Copy nothing but the lines from the line with "這是11月22日在美國紐約州尼亞加拉地區拍攝的美加邊境彩虹橋口岸。" to the end of the records, retyped exactly. Pictures stay out.

[[ Provided records open ]]

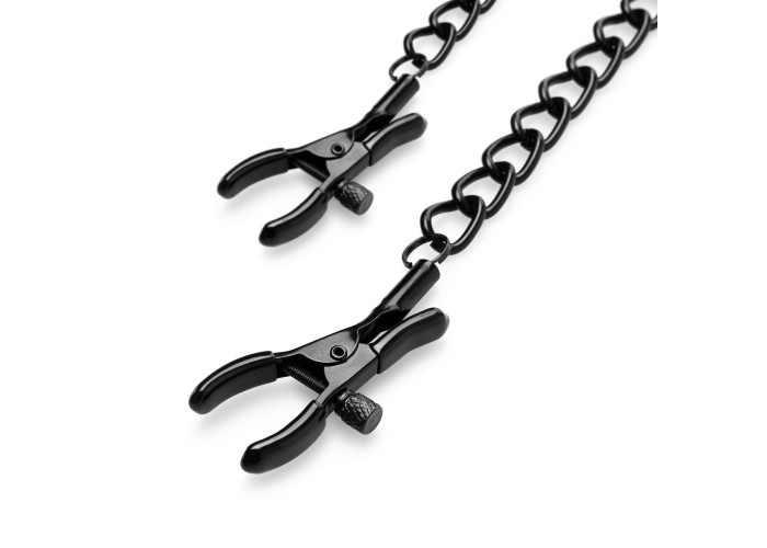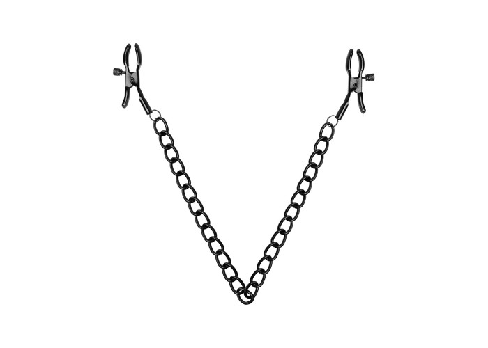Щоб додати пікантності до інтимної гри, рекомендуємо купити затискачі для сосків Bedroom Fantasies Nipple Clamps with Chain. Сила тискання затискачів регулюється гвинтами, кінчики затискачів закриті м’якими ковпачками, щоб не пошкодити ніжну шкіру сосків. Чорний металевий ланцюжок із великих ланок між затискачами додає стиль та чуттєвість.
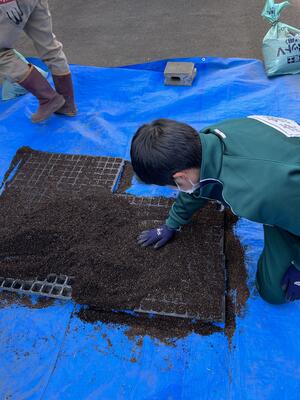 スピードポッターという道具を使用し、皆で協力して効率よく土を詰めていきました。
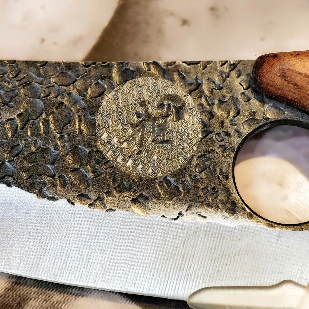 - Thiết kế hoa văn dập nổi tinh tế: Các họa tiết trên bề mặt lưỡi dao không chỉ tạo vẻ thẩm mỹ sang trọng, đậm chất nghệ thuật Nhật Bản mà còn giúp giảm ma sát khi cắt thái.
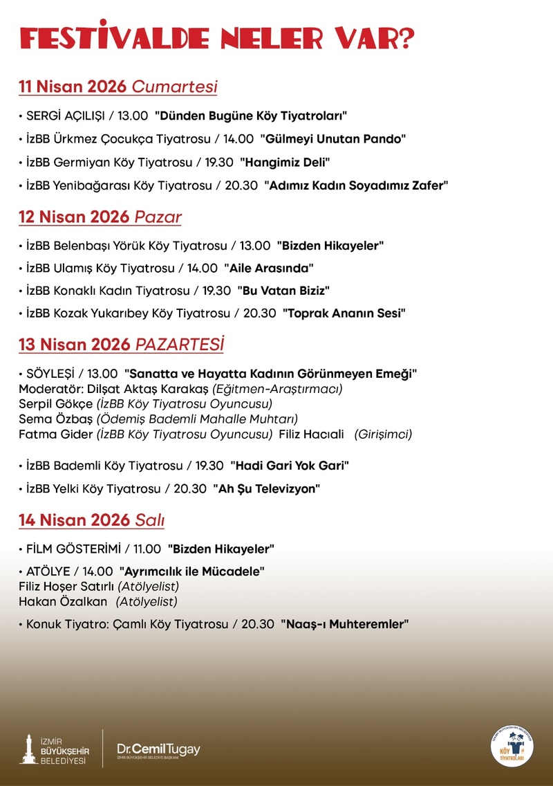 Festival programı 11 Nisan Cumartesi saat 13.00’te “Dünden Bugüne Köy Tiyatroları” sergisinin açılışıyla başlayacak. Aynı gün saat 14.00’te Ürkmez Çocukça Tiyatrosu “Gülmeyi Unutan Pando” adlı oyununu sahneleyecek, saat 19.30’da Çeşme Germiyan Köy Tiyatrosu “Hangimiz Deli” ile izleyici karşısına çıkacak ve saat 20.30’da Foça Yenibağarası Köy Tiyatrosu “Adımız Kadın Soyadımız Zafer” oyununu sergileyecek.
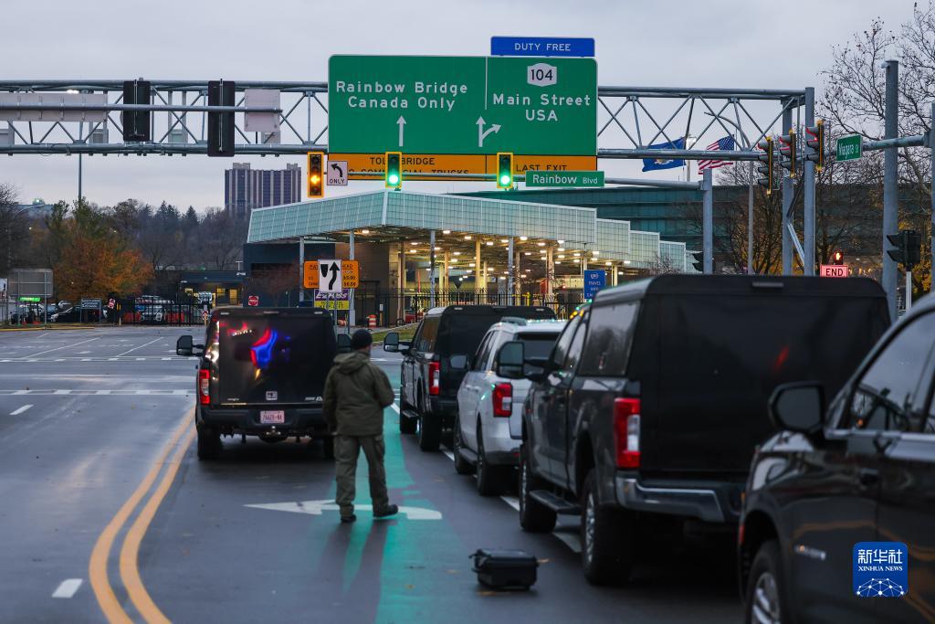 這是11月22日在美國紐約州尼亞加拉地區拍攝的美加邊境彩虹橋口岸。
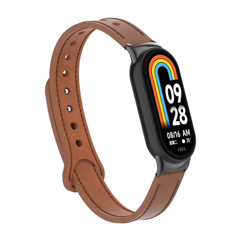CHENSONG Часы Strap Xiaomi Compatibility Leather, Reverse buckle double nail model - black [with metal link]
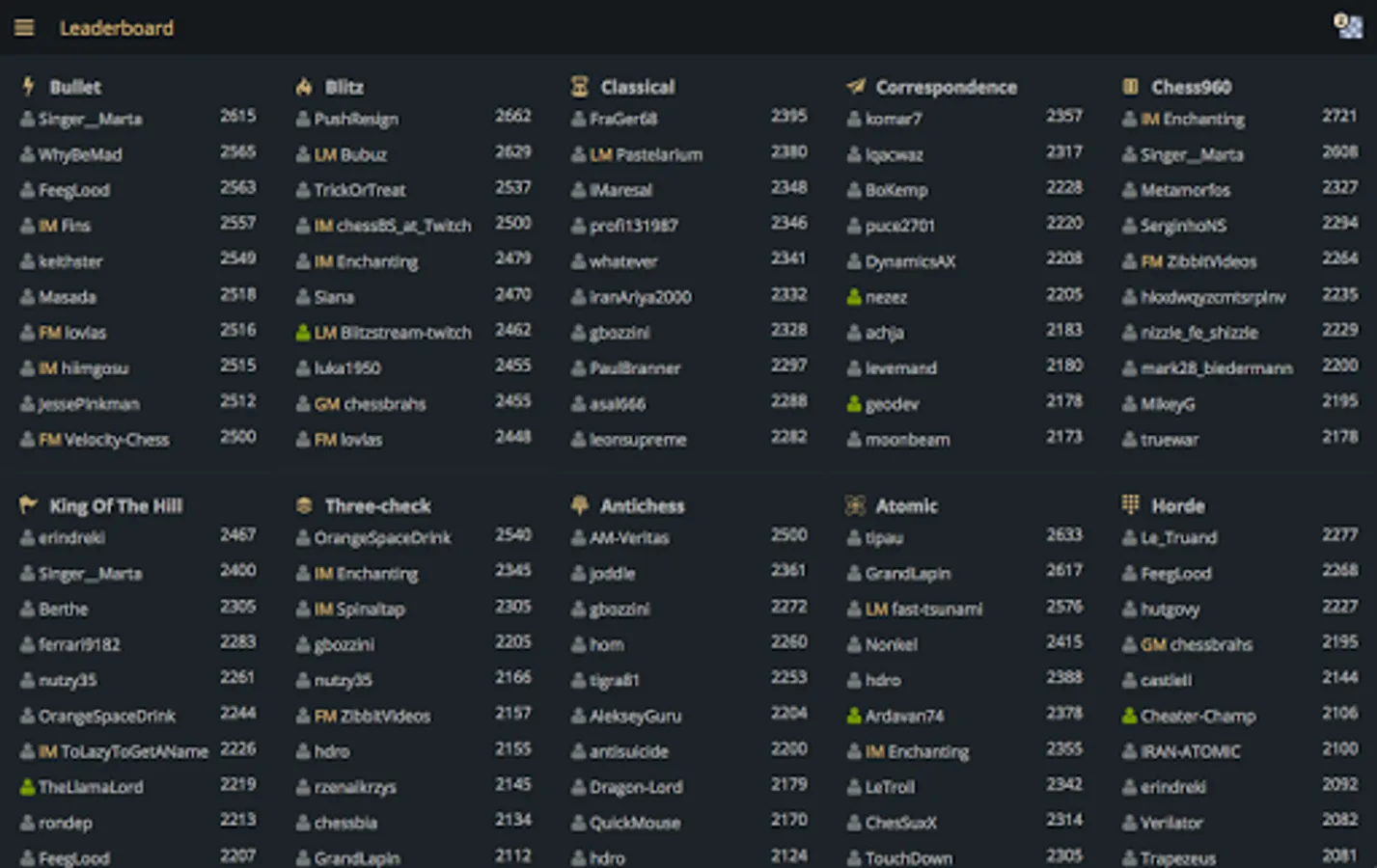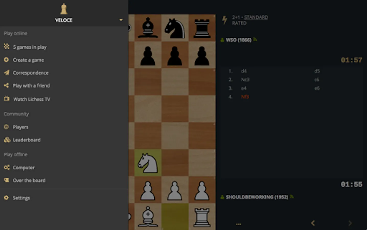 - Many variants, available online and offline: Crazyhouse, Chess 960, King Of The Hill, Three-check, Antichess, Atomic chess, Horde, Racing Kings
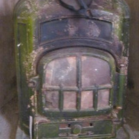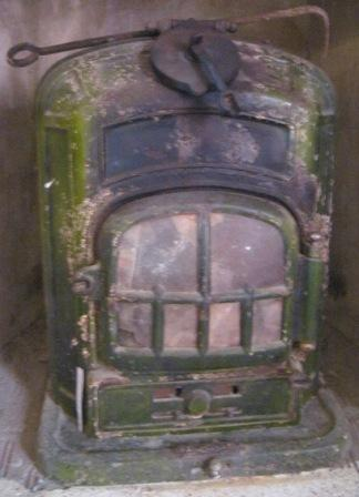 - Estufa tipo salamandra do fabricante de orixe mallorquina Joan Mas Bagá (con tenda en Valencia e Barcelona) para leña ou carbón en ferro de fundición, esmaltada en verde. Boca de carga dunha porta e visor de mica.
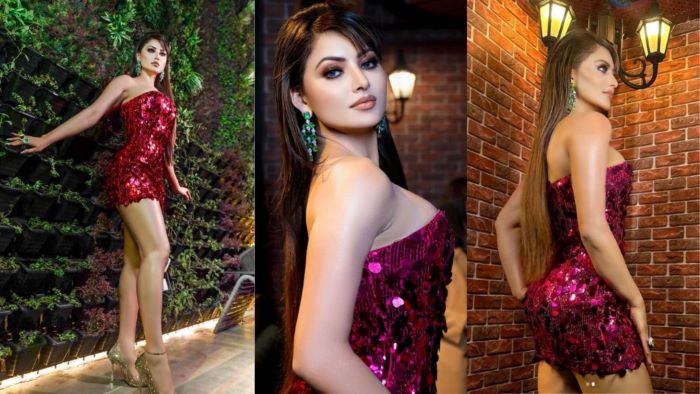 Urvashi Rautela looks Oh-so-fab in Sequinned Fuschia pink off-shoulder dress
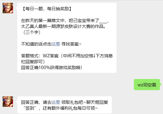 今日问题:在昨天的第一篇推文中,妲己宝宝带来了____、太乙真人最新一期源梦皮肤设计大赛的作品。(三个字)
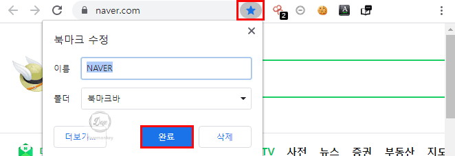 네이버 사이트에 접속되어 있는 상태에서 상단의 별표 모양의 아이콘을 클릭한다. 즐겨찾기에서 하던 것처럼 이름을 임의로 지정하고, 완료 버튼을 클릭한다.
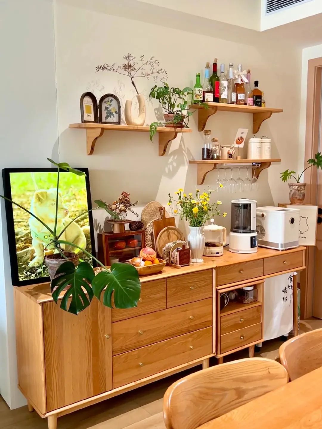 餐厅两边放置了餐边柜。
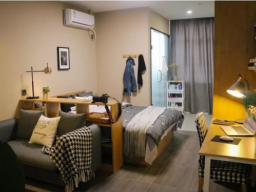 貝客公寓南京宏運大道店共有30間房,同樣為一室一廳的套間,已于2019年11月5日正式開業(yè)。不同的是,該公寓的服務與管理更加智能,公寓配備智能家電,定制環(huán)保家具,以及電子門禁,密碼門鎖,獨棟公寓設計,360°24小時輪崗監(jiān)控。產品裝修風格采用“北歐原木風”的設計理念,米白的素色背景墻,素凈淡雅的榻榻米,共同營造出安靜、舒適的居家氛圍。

[[ Provided records closed ]]

**Result below**
 這是11月22日在美國紐約州尼亞加拉地區拍攝的美加邊境彩虹橋口岸。
CHENSONG Часы Strap Xiaomi Compatibility Leather, Reverse buckle double nail model - black [with metal link]
 - Many variants, available online and offline: Crazyhouse, Chess 960, King Of The Hill, Three-check, Antichess, Atomic chess, Horde, Racing Kings
 - Estufa tipo salamandra do fabricante de orixe mallorquina Joan Mas Bagá (con tenda en Valencia e Barcelona) para leña ou carbón en ferro de fundición, esmaltada en verde. Boca de carga dunha porta e visor de mica.
 Urvashi Rautela looks Oh-so-fab in Sequinned Fuschia pink off-shoulder dress
 今日问题:在昨天的第一篇推文中,妲己宝宝带来了____、太乙真人最新一期源梦皮肤设计大赛的作品。(三个字)
 네이버 사이트에 접속되어 있는 상태에서 상단의 별표 모양의 아이콘을 클릭한다. 즐겨찾기에서 하던 것처럼 이름을 임의로 지정하고, 완료 버튼을 클릭한다.
 餐厅两边放置了餐边柜。
 貝客公寓南京宏運大道店共有30間房,同樣為一室一廳的套間,已于2019年11月5日正式開業(yè)。不同的是,該公寓的服務與管理更加智能,公寓配備智能家電,定制環(huán)保家具,以及電子門禁,密碼門鎖,獨棟公寓設計,360°24小時輪崗監(jiān)控。產品裝修風格采用“北歐原木風”的設計理念,米白的素色背景墻,素凈淡雅的榻榻米,共同營造出安靜、舒適的居家氛圍。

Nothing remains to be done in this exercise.